Workshop Testimonials

“You created a nourishing space through your care for materials, methods and stories – for art to speak, from the ground up, through artists and storytellers about our shared responsibilities as we create and disperse ‘dust storms’.

Thank-you for providing no simple answers, no simple remedies, rather, creating the space to think with others – human and non-human – to get a gist of what is required. The artwork by Japaljarri Spencer in Keating’s office was particularly useful here.

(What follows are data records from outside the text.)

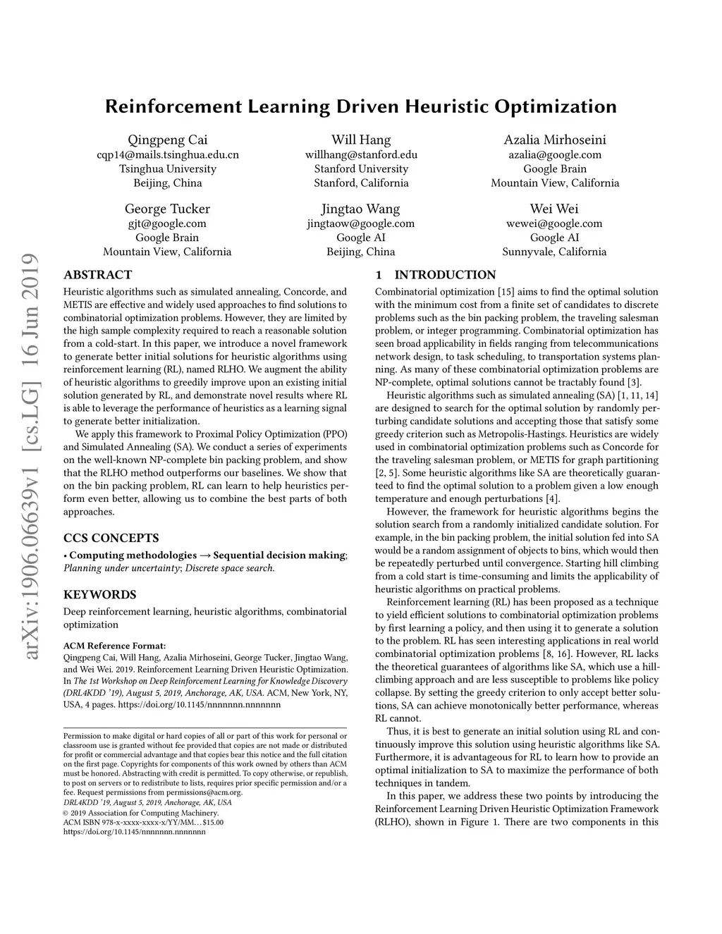 Heuristic algorithms such as simulated annealing, Concorde, and METIS are effective and widely used approaches to find solutions to combinatorial optimization problems. However, they are limited by the high sample complexity required to reach a reasonable solution from a cold-start. In this paper, we introduce a novel framework to generate better initial solutions for heuristic algorithms using reinforcement learning (RL), named RLHO. We augment the ability of heuristic algorithms to greedily improve upon an existing initial solution generated by RL, and demonstrate novel results where RL is able to leverage the performance of heuristics as a learning signal to generate better initialization. We apply this framework to Proximal Policy Optimization (PPO) and Simulated Annealing (SA). We conduct a series of experiments on the well-known NP-complete bin packing problem, and show that the RLHO method outperforms our baselines. We show that on the bin packing problem, RL can learn to help heuristics perform even better, allowing us to combine the best parts of both approaches.
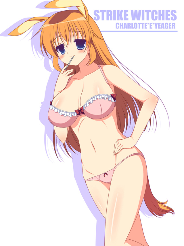 00s1girlanimal earsblue eyesblushbrabreastscleavagefemale focushand on own hiphip focuslarge breastslingerielong hairorange hairpantiespink brapink pantiesrabbit earsrabbit girlsmilesolostandingtailunderwearunderwear only
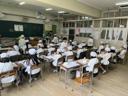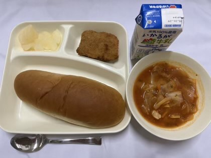 「トンカツ、ミネストローネ、和なし(缶)、黒糖パン、牛乳」です。
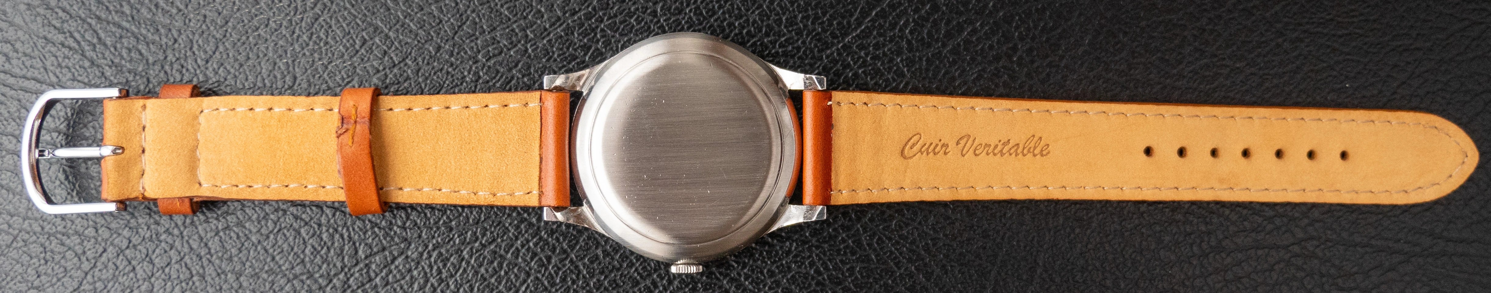 This particular reference is slightly bigger than its contemporary models. Its case is 36mm of diameter without the crown.
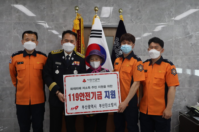 [로컬세계 맹화찬 기자]부산진소방서(서장 최대붕)에서는 6일 오전 주택화재로 생활터전을 잃은 화재피해 주민을 위로하고자 ‘119 안전기금’을 전달하는 행사를 실시했다고 밝혔다.
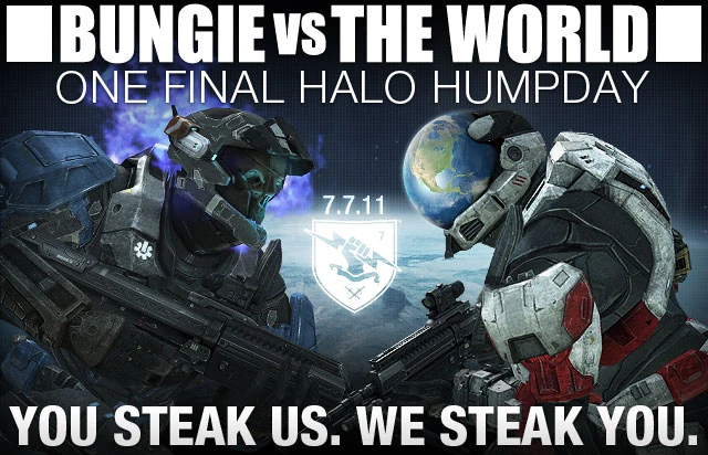2011: Bungie had allowed the community to turn on the Eternal Flaming Helmet and the Bungie nameplate, as well as adding the Bungie day playlist, in which the player received 777 credits from the slot machine for every game played. Bungie also hosted a Bungie vs. The World Steaktacular where the player had the opportunity to verse a team of Bungie employees and, if they scored a Steaktacular, Bungie would send them two steaks.[1]

Thanks to Pamela, Robert and the CASSE team for reminding us about the shape shifting properties of power and coercion that so often take control when we desperately seek solutions”.  Wendy Cowan

“I LOVED the day, I felt the presentation style was perfect, so refreshing to have a different style. Craig’s presentation being fluid and grounded and Pamela, I really enjoyed the theoretical and evidence based information you shared. Nik and Robert also imparted good knowledge of what is working in their program, all good information and more grounded in culturally competent methods that are working well. It was a perfect blend, I am not sure anything could be improved on.” Helen Lambert, Manager Health Promotion.